The nurse believes these training programs are making a difference. “The guides in Chile are becoming the people in that community who know about health care. They become the specialists.” Meanwhile, in the Dominican Republic, the nurse says the guides she helped train are now the most concentrated group of medical professionals in their town.

McGladrey, whose mother is a nurse, says she grew up “pushing wheelchairs.” But she hesitates to tout the difference she’s made for patients, even though she no doubt has made an impact in her years in the medical profession. McGladrey, however, will admit to teaching other people how to save lives. “I think we WMI instructors don’t always get to be out saving lives, but when I look back at students I’ve trained and hear their stories, I have a sense that there’s this whole army of people who are out saving lives.”
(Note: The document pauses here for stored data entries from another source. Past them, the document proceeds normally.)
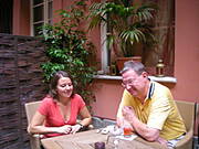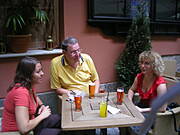 Użytkownik bea39 napisał w wiadomości: > W końcu, w końcu doszło do skutku moje oficjalne spotkanie z Lubczykiem > :).Ekkore szkoda,że nie mogłaś być. Spotkanie odbyło sie oczywiście w > ulubionej mojej kawiarence Buddha Bar.Lubczyk jak przystało na dżentelmena za > każdym razem był pierwszy i zajmował najlepsz stoliki.Ale teraz dość gadania, > zdjęcia : to ja i Agnieszka Szylar, Lubczyk jest pełnym uroku człowiekiem > sypiąym anegdotkami jak z rękawa. Zasłuchane byłyśmy nie tylko my > ale............... Mąż Agnieszki (czatowniczki zdołały go poznać :) ) Na > koniec nie obeszło się oczywiście bez podpisania słodkiej ksiązki.Bahus > wybacz, i tylko spóbuj wyciąć wątek !! I mam nadzieję na następne spotkania, > a z przepisów na pewno skorzystamy. Ja już niedługo i to z niejednego :).
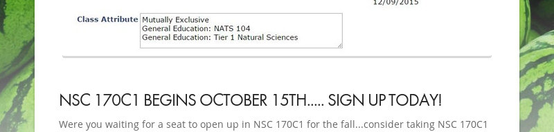 NSC 170C1 BEGINS OCTOBER 15TH..... SIGN UP TODAY! Were you waiting for a seat to open up in NSC 170C1 for the fall...consider taking NSC...
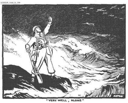 It is not, of course, that we do not agree with the sentiment, but the front cover tells you everything you need to know about the eurosceptic thinking in this country. Redolent of the famous 1940 Low cartoon (inset below), it has the trademark Express crusader standing on the cliffs of Dover, looking out toward the Continent – where (by inference) the “enemy” exist.
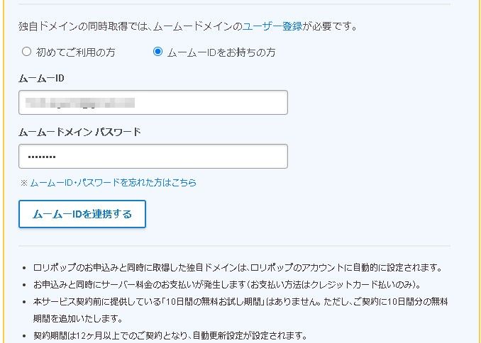 過去にムームードメインのアカウントを作ったことがある場合は「ムームーIDをお持ちの方」からログインのアカウントを設定します。「メールアドレス」と「パスワード」を入力して「ムームーIDを連携する」を押します。

In her medical work, the international traveler has to reconcile with the emotional aspects of remote medicine. “I really came to appreciate that there was more [to my work] than people hurting,” she says. “I struggled to think that when I left, I don’t know who’s manning the clinic — there’s still people sick, there’s still people dying. But in the midst of meeting people, you’re in relationships with people and loving them.”

McGladrey has memorized a quote from Helen Keller that keeps her going through the tough times: “I’m only one, but I am one, and just because I can’t do everything doesn’t mean I won’t do the little part that I can do.”